What the most visibly Jewish actress of her generation can teach us about being ourselves—and handling tough questions about Israel

by
Rachel Shukert
May 07, 2015
 Natalie Portman in Berlin on February 9, 2015. (Vittorio Zunino Celotto/Getty Images)
Natalie Portman in Berlin on February 9, 2015. (Vittorio Zunino Celotto/Getty Images)

It’s happened to all of us.

You’re at a trendy wine bar or dinner party—a nice one that uses cloth napkins and serves appetizers separately from the main course—when the dreaded “I” word comes up. And no, it’s not “isometrics” or “Ireland Baldwin.” It’s Israel.
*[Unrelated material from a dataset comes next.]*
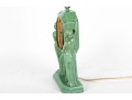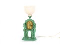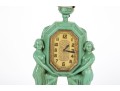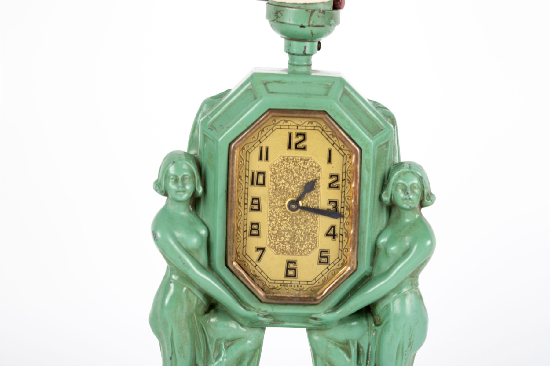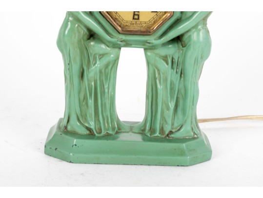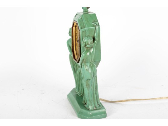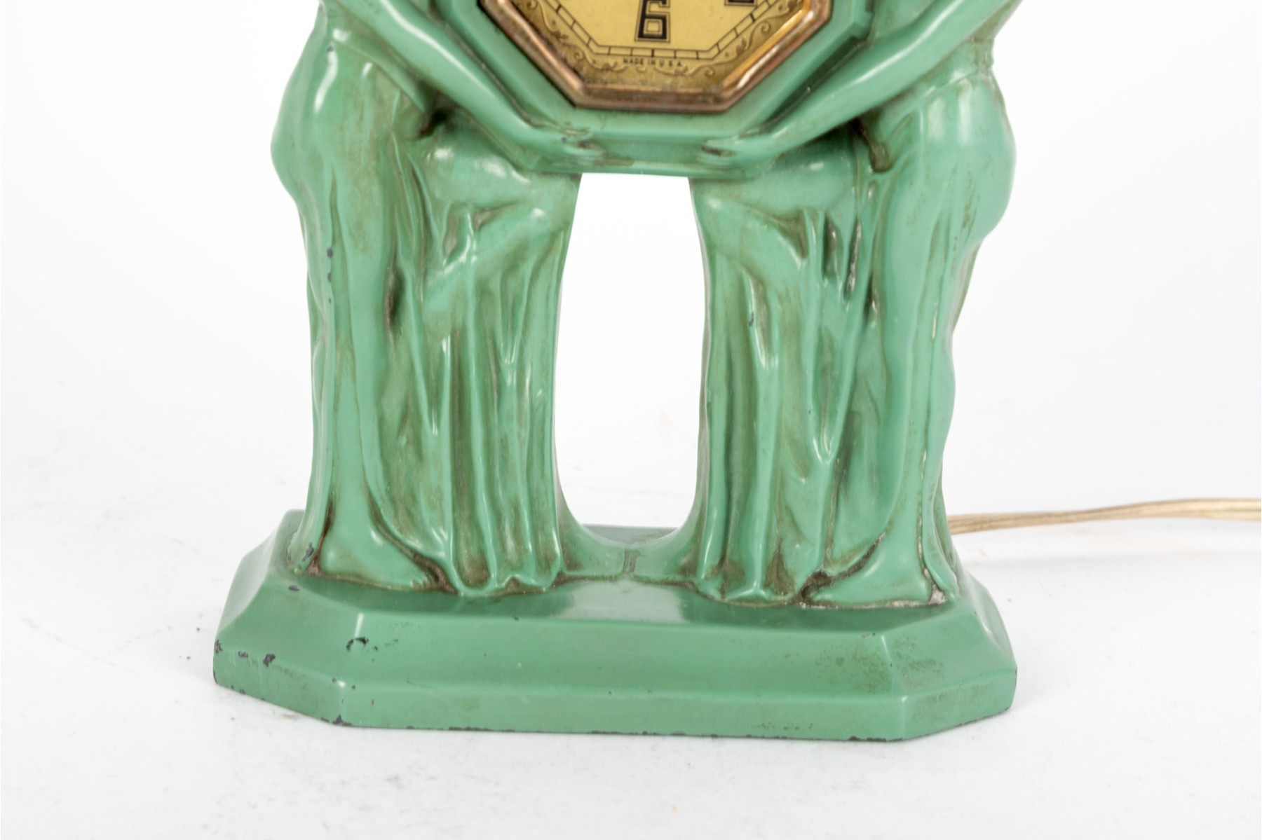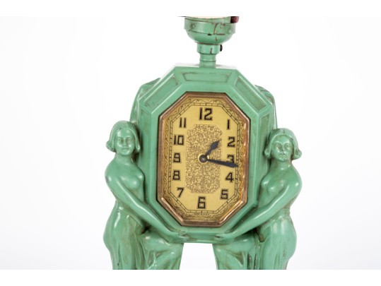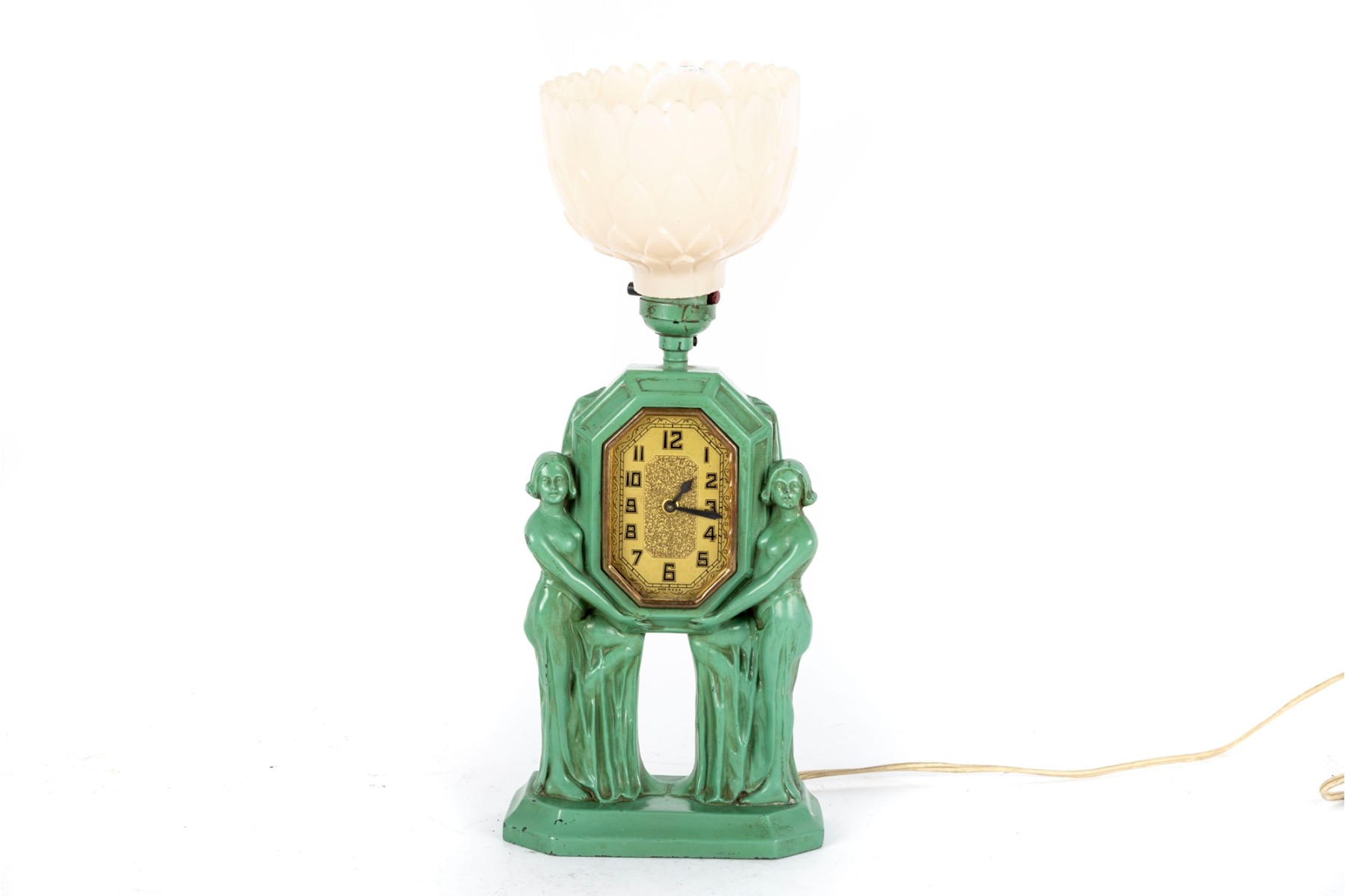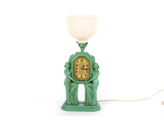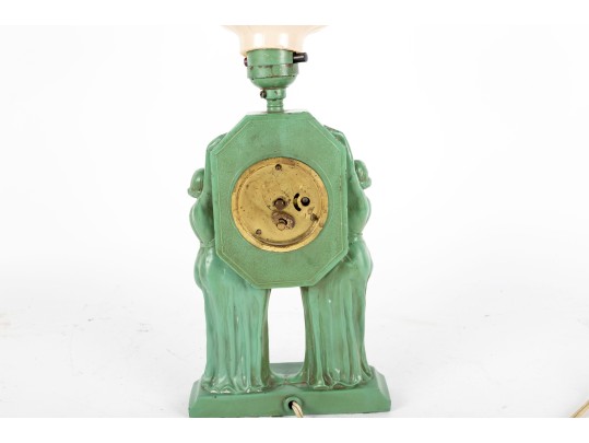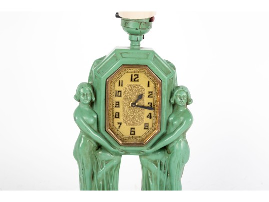 A striking Art Deco desk clock lamp, attributed to Frankart, featuring a distinctive seafoam green cast metal body with two elegantly sculpted nude female figures holding an octagonal clock face with a golden-tone dial. Topped with a frosted glass lotus-shaped shade, this piece beautifully captures the streamlined aesthetic of the 1920's-1930's

At your table, the consensus is that Israel is full of whiny and hypocritical racists and bullies. A tight knot forms in your stomach: Do you assert support for the Jewish State, causing everyone to treat you as some kind of hateful right wing reactionary for the rest of the night? Or do you agree without caveat and feel ashamed of yourself?

Either way, you’re coerced into asserting something you don’t totally agree with. So you excuse yourself to the bathroom and hope that when you come back they’ll be talking about The Real Housewives.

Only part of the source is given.